Вдали виднелись горы — неровные черные вершины на горизонте. Нас окружали вечнозеленые деревья, но по мере приближения к цели лес редел и, наконец, перешел в голый, холодный, неровный пейзаж. На нем встречались лишь маленькие, чахлые низкорослые кустарники. Местность оказалась плоской, как американский Средний Запад, но окрашенной в свинцовые и оловянные цвета. Вдали текла река, черная и неторопливая. Она бесцельно петляла, приближаясь к горам, ползла мимо деревушки, которая выглядела размытым пятном на горизонте.
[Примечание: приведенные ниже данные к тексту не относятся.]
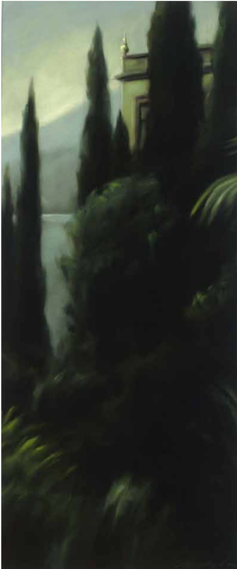
Twilight, Villa Cipressi | 28 x 12.5" | LK527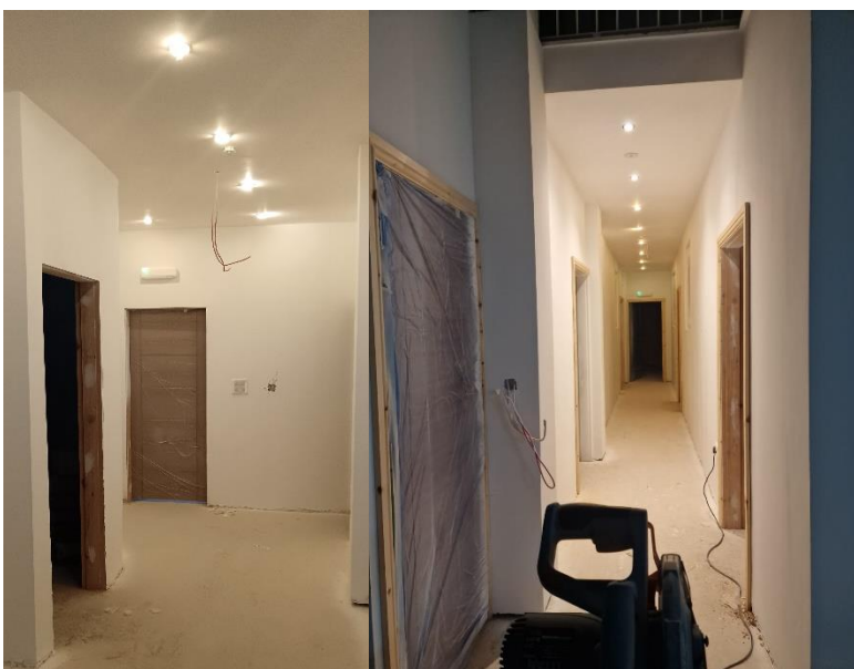
The image above shows the first floor classrooms & hallways painted and decorated.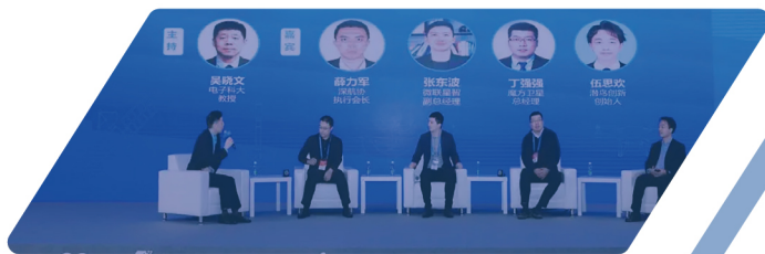
Global Scientific and Technological Innovation Investment Convention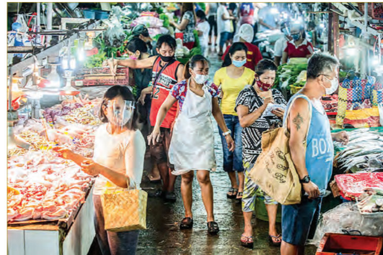
People wearing masks shop for fresh food at a market in Manila on Aug. 6, 2020.

land's 100th day free from local infection.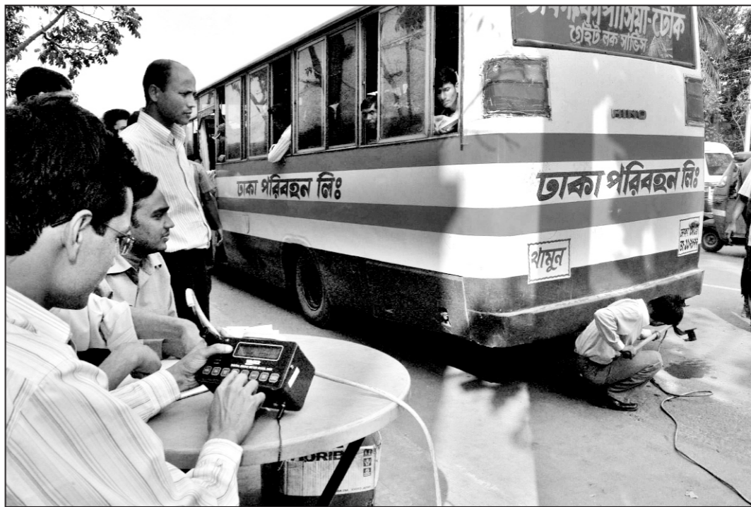
A mobile team of the environment directorate measures emission of black smoke from a bus at Tejjaga area in the city yesterday.

Later, Todd M Sorenson officially launched the three-year DLGP-USAID programme that will work in 70 union parishads and 15 municipalities in Northwest and Southwest parts of the country.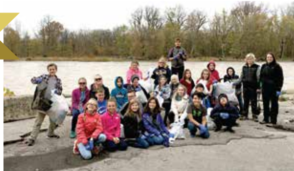
Twenty-five students in the HPI Environmental Club took an after school field trip to Buttonwood Park in Perrysburg to pick up litter – 15 bags were collected.

The Jacket Gymnasts completed their inaugural blanket drive for The Lucas County Children Services Board. The gymnasts made and collected over 40 blankets!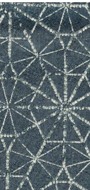
Spring Rain 01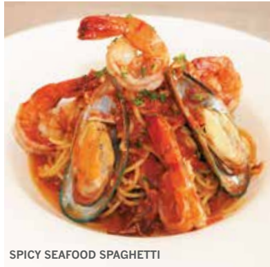
SPICY SEAFOOD SPAGHETTI

Sautéed applewood smoked bacon tossed in a Parmesan cream sauce.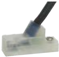
9F Series Reed & Electronic Sensors for 4mm "T" Slot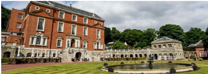
Above and below: The huge RAC country facility at Woodcote Park, Surrey, open to reciprocals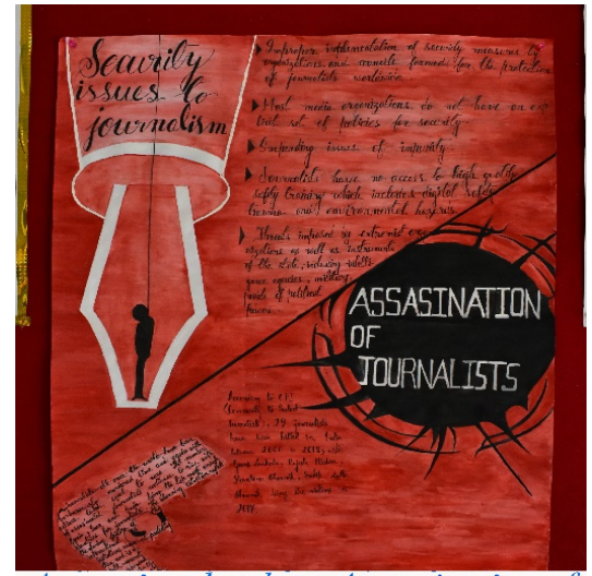
A creative sketch on Assassination of Journalists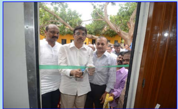
21/8/15 OPENING OF ZPHS (B) GOPALAPATNAM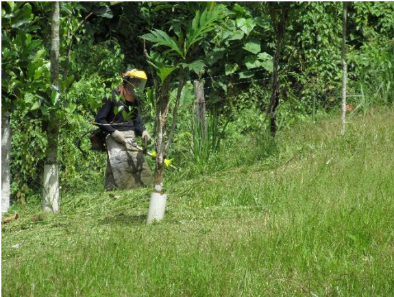
Plate 4. Davidson in full gear cutting the grass in RFP

During the beginning of August, Tabin experienced heavy rainfall and rapid growth of weeds and grass in the RFP. The maintenance had to be carried out more frequently than in Jun – July (Plate 4)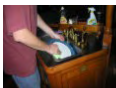
Washing dishes on your boat? You'll need an EPA permit!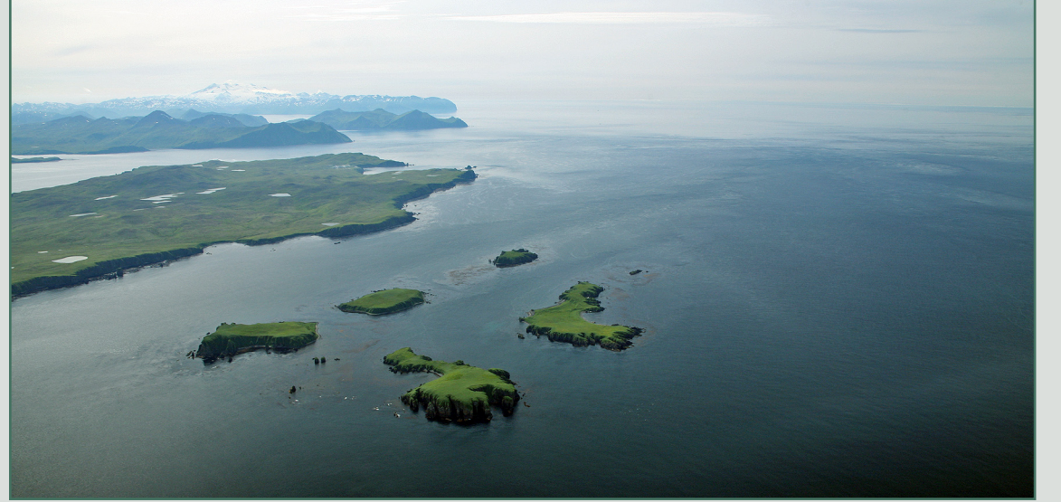
Unalga and Baby Islands viewed from the southeast.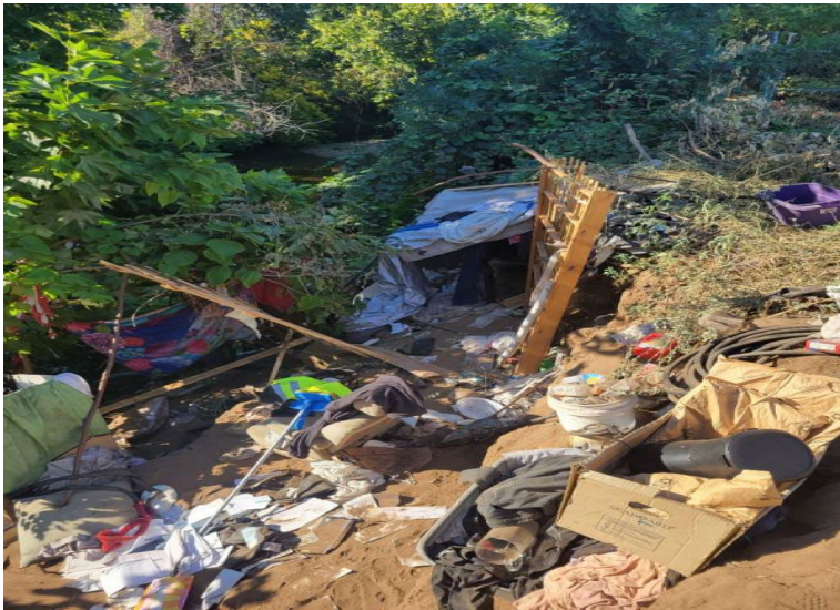
Figure 3 BCC Site 2 Before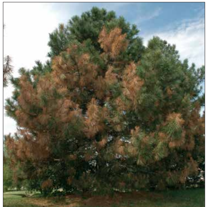
Figure 2. Severely infected trees can have tip blight throughout the crown. On some branches, the disease has progressed from the tips inward to older wood.

In late summer or fall, tiny black spore-producing structures (called pycnidia) are formed on the scales of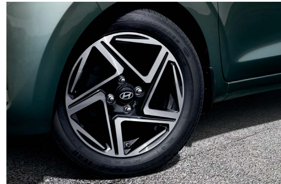
15" alloy wheels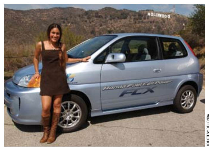
Actress Q'orianka Kilcher has become the youngest customer to lease Honda's environmental status symbol, the hydrogen-powered and zeroemissions FCX fuel cell vehicle. Kilcher is the first person ever whose first car runs on hydrogen. She took possession of the FCX on March 7, 2007, in Universal City, California.

This system isn't perfect, though. You still need a source of electricity if you want to use the fuel cell to make methanol fuel. This is the same problem scientists run into when they try to make hydrogen fuel from water.

Стали появляться четкие очертания — дымовые трубы, некоторые из которых бездействовали. Другие же выпускали черный дым, который поднимался в серое небо, словно пальцы похороненной руки.
— Остатки коммунистической промышленности, — сказал Арт.
Мы проехали мимо города. Глядя на квадратные здания, приземистые плоские дома цвета бетона, я решил, что никогда не видел более унылого пейзажа. Американский Средний Запад был живым, излучал жизненную силу. Несмотря на обширность и пыль, там в почве чувствовалась душа. Если ты разрезал землю, она плакала.
Теперь же мы ехали по земле, покрытой шрамами и выглядевшей побитой, словно старая кость с высосанным костным мозгом.
Наш поезд катился вверх по склону, по узкому проходу, вырубленному в густом лесу. За спиной исчезали равнины, словно отлив. Вскоре мы оказались среди возвышенностей, там росли сосна и дуб, поднимаясь из покрытой снегом земли. Мимо нашего окна пронеслась стая черных птиц. Когда мы поднялись выше в горы, поезд замедлил ход. Снег покрывал верхушки деревьев. По обеим сторонам железнодорожного полотна росла густая чаша, молчаливые сосны возвышались над нами, словно лапы динозавров.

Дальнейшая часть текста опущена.